_Problem to work on_. Among the entries below, only the lines from the one with "glass from items" through the one with "Vor knapp 4" are wanted, reproduced exactly. Pictures are not wanted.

_Material for this task_.
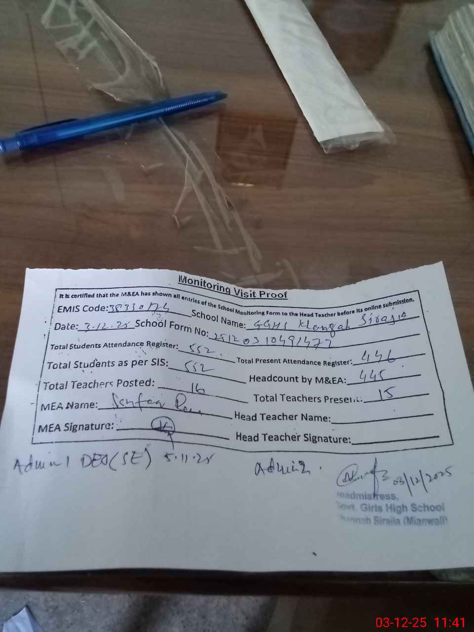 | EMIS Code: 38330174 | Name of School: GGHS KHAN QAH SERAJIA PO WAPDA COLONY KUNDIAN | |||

--

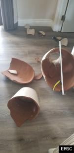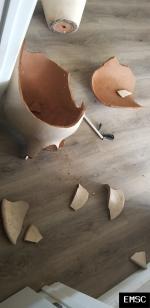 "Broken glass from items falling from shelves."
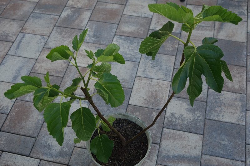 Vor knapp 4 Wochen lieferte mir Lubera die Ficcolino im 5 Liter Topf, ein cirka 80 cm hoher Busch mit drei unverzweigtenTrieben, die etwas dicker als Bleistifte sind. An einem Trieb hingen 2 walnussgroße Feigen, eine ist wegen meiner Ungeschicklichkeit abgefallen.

---

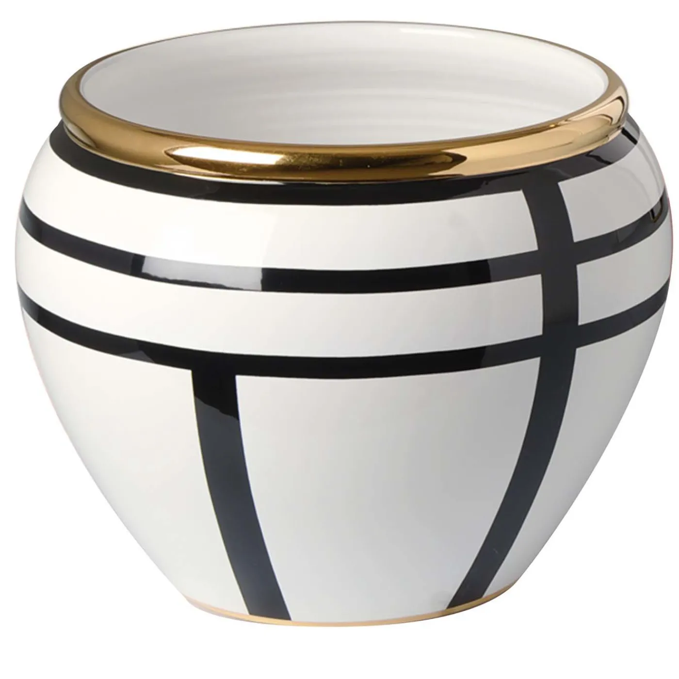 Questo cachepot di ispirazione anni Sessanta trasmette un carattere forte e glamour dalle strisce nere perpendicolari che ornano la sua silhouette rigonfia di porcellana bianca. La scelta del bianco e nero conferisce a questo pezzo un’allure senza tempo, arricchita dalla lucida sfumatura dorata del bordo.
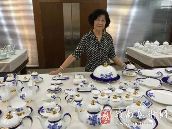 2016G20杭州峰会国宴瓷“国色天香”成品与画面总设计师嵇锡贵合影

_Expected answer_.
 "Broken glass from items falling from shelves."
 Vor knapp 4 Wochen lieferte mir Lubera die Ficcolino im 5 Liter Topf, ein cirka 80 cm hoher Busch mit drei unverzweigtenTrieben, die etwas dicker als Bleistifte sind. An einem Trieb hingen 2 walnussgroße Feigen, eine ist wegen meiner Ungeschicklichkeit abgefallen.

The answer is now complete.